TASK TO CARRY OUT: Restate word for word the lines below from the one that has "Electronic Control Assembly" through the one that has "Adrian Peterson Signed", keeping both and dropping all pictures.

RECORDS TO PROCESS:
........

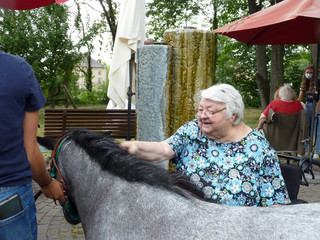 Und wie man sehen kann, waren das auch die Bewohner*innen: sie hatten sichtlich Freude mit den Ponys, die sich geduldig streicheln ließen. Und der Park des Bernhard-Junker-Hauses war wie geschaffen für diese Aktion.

........

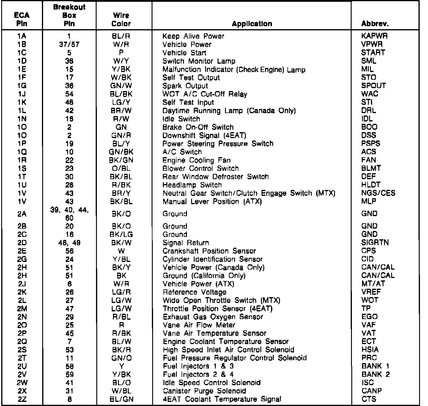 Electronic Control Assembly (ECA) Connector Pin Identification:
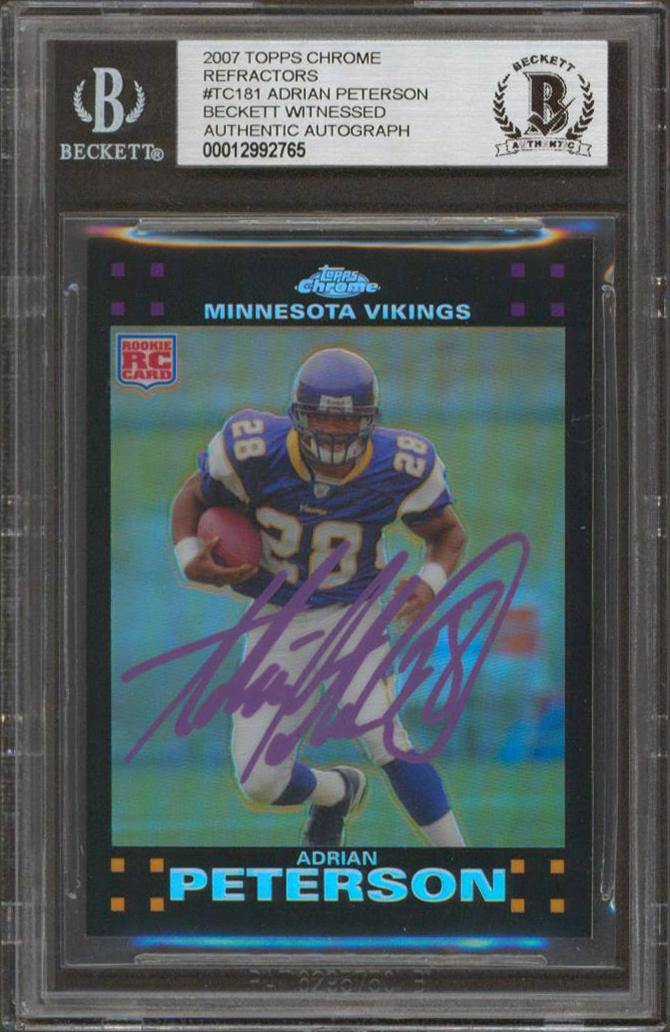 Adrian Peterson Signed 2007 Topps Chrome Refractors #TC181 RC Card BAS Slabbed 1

........

EXPECTED ANSWER:
 Electronic Control Assembly (ECA) Connector Pin Identification:
 Adrian Peterson Signed 2007 Topps Chrome Refractors #TC181 RC Card BAS Slabbed 1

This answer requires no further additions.